> WHAT TO PRODUCE:
Although pictures appear in the data, the answer should contain only the lines from its start through the line with "W książce znajduje", written out exactly.

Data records

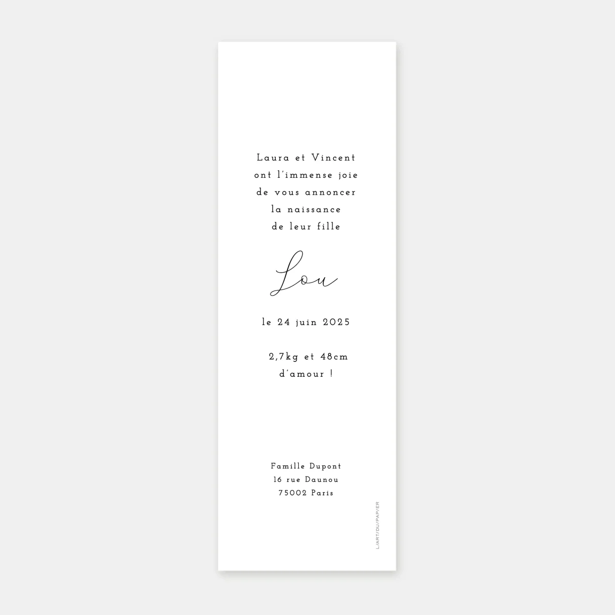 Tous les faire-part de notre collection naissance sont imprimés dans notre atelier parisien sur le plus beaux papiers de création certifiés FSC® de notre collection.
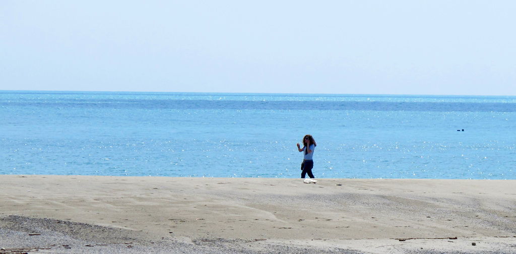 Si, c'é una foto su in-public geniale, praticamente nel triangolo formato dal mare tra cielo e sabbia, ci sta un omino che inizia e finisce esattamente tra i due confini.
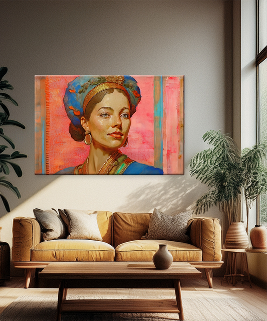 Timeless Grace is a radiant portrait that embodies elegance, strength, and dignity. The woman, adorned in rich fabrics, golden jewelry, and a regal blue headpiece, gazes forward with serene confidence. The warm coral background enhances the vibrancy of her expression,...
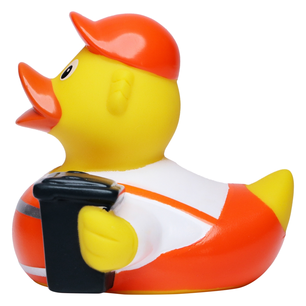 Artikel-Nr: GUT31260Quietsche-Ente Müllmann sorgt zumindest visuell für Ordnung im Alltag. Charmant macht er seinen Job und bringt ganz nebenbei noch 8 cm geballte Power und Geschmacksmusterschutz mit. Bis ins Detail schlüpft dieses Schnabels® Exemplar in das bekannte Müllmann-Outfit und bringt sorgar eine kleine Mülltonne mit.
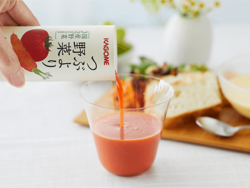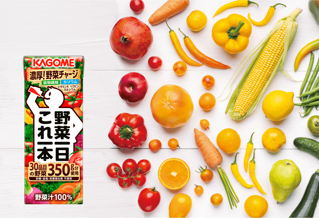 野菜に含まれるビタミン、ミネラル、食物繊維、リコピンなどが、健康的なカラダの維持に役立っていると、近年の研究で明らかになってきています。しかし、サンドイッチやおにぎりなど、忙しい時の軽食では、野菜をしっかり摂るのは難しい場合も。「野菜一日これ一本」は、そんな時不足しがちな栄養※を手軽に補ってくれます。
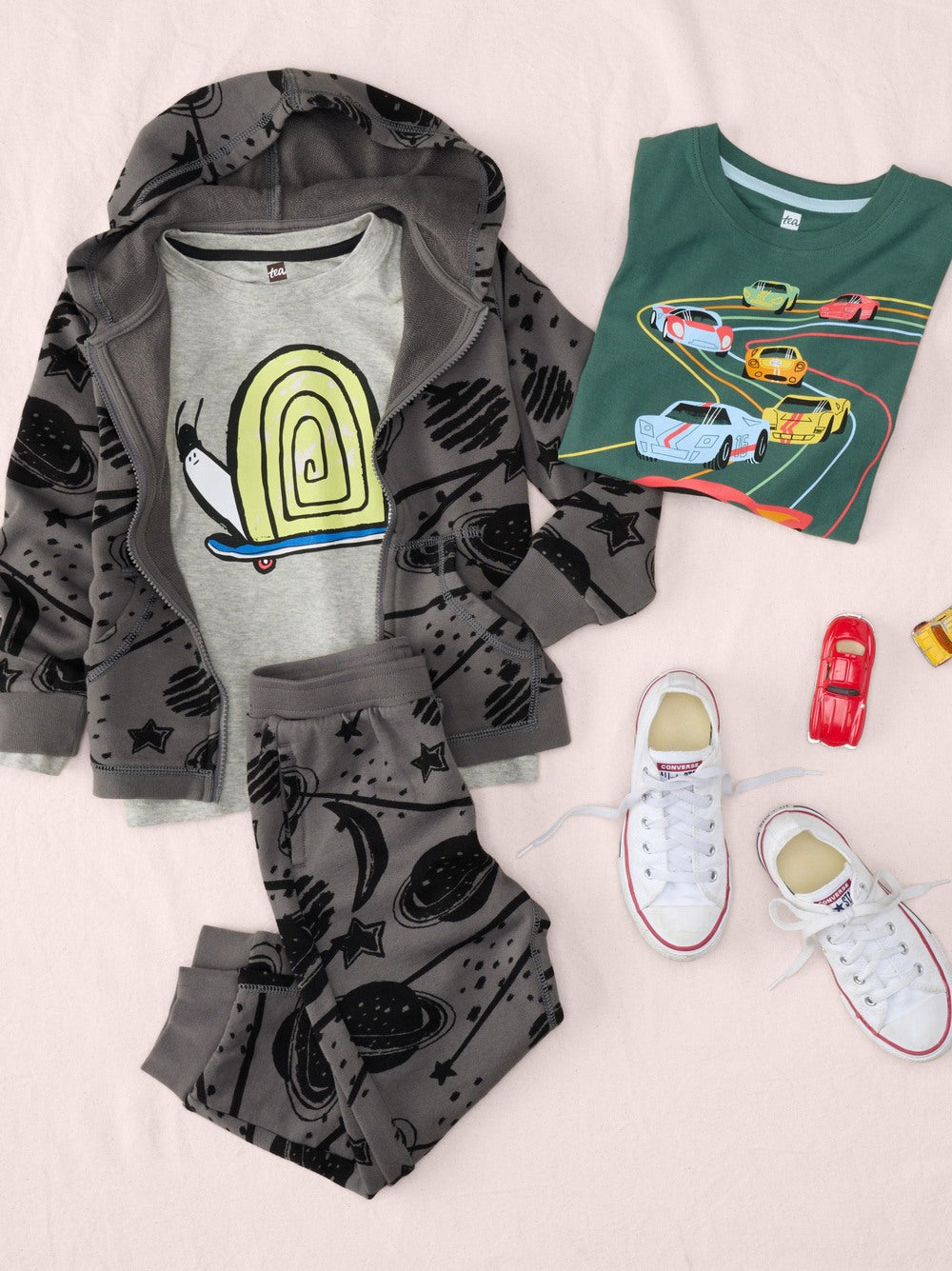 These joggers are out of this world! Made of super-soft and lightweight 100% French cotton terry joggers. On-seam pockets and a fully functional interior drawcord will make these a wardrobe favorite. Pair with one of Tea's graphic tees for an easy-dress stylish outfit. Full length.
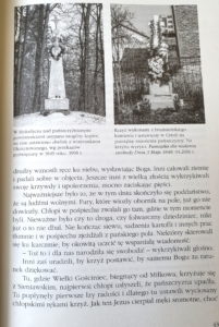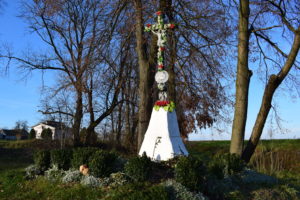 W książce znajduje się też także informacja, że znajduje się tam kamienny krzyż postawiony na pamiątkę zniesienia pańszczyzny. Stał na początku wsi i postawiony prawdopodobnie był na miejscu starszego derwnianego. Fundatorem był Teodor Terenieniec. Prawnukowie Teodora żyją w Wałczu, Jaworze, Jelonkach koło Pasłęka i Katowicach.
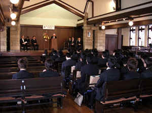 | □2008/3/15 来年の授業に備え講師会議・・・ 本年度の総括並び来年度のカリュキュラムについての打合せ。写真は本年度の卒業式式場はフランクロイドライト設計の池袋「明日館」 |
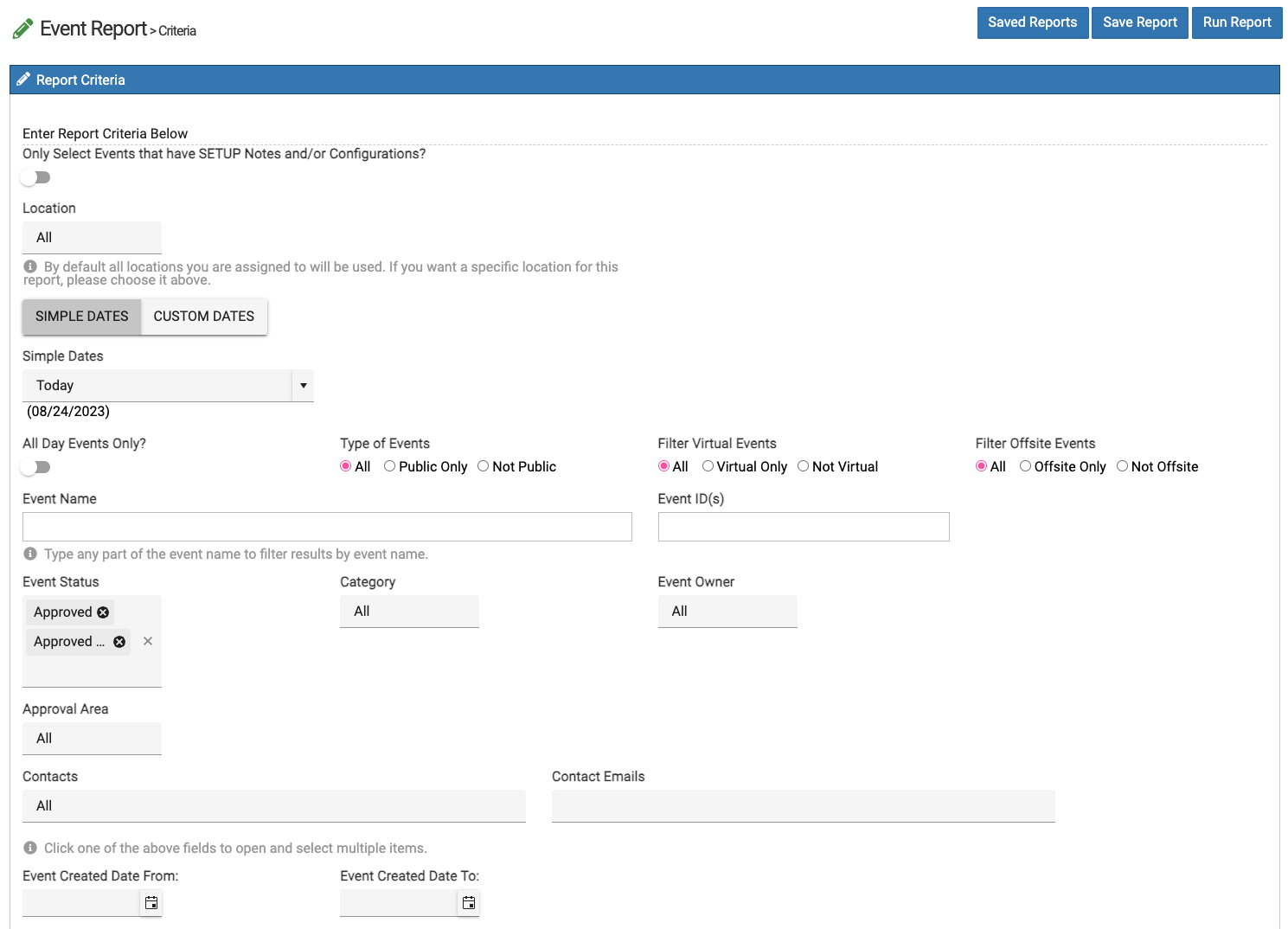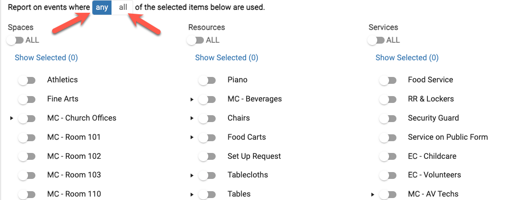 - Next , you have the option to search for events that have " ALL " items that are selected below OR " Any " of the items selected below (with exception of Space Usage or Room Cards reports).

> OUTPUT FOR THIS EXERCISE:
 Tous les faire-part de notre collection naissance sont imprimés dans notre atelier parisien sur le plus beaux papiers de création certifiés FSC® de notre collection.
 Si, c'é una foto su in-public geniale, praticamente nel triangolo formato dal mare tra cielo e sabbia, ci sta un omino che inizia e finisce esattamente tra i due confini.
 Timeless Grace is a radiant portrait that embodies elegance, strength, and dignity. The woman, adorned in rich fabrics, golden jewelry, and a regal blue headpiece, gazes forward with serene confidence. The warm coral background enhances the vibrancy of her expression,...
 Artikel-Nr: GUT31260Quietsche-Ente Müllmann sorgt zumindest visuell für Ordnung im Alltag. Charmant macht er seinen Job und bringt ganz nebenbei noch 8 cm geballte Power und Geschmacksmusterschutz mit. Bis ins Detail schlüpft dieses Schnabels® Exemplar in das bekannte Müllmann-Outfit und bringt sorgar eine kleine Mülltonne mit.
 野菜に含まれるビタミン、ミネラル、食物繊維、リコピンなどが、健康的なカラダの維持に役立っていると、近年の研究で明らかになってきています。しかし、サンドイッチやおにぎりなど、忙しい時の軽食では、野菜をしっかり摂るのは難しい場合も。「野菜一日これ一本」は、そんな時不足しがちな栄養※を手軽に補ってくれます。
 These joggers are out of this world! Made of super-soft and lightweight 100% French cotton terry joggers. On-seam pockets and a fully functional interior drawcord will make these a wardrobe favorite. Pair with one of Tea's graphic tees for an easy-dress stylish outfit. Full length.
 W książce znajduje się też także informacja, że znajduje się tam kamienny krzyż postawiony na pamiątkę zniesienia pańszczyzny. Stał na początku wsi i postawiony prawdopodobnie był na miejscu starszego derwnianego. Fundatorem był Teodor Terenieniec. Prawnukowie Teodora żyją w Wałczu, Jaworze, Jelonkach koło Pasłęka i Katowicach.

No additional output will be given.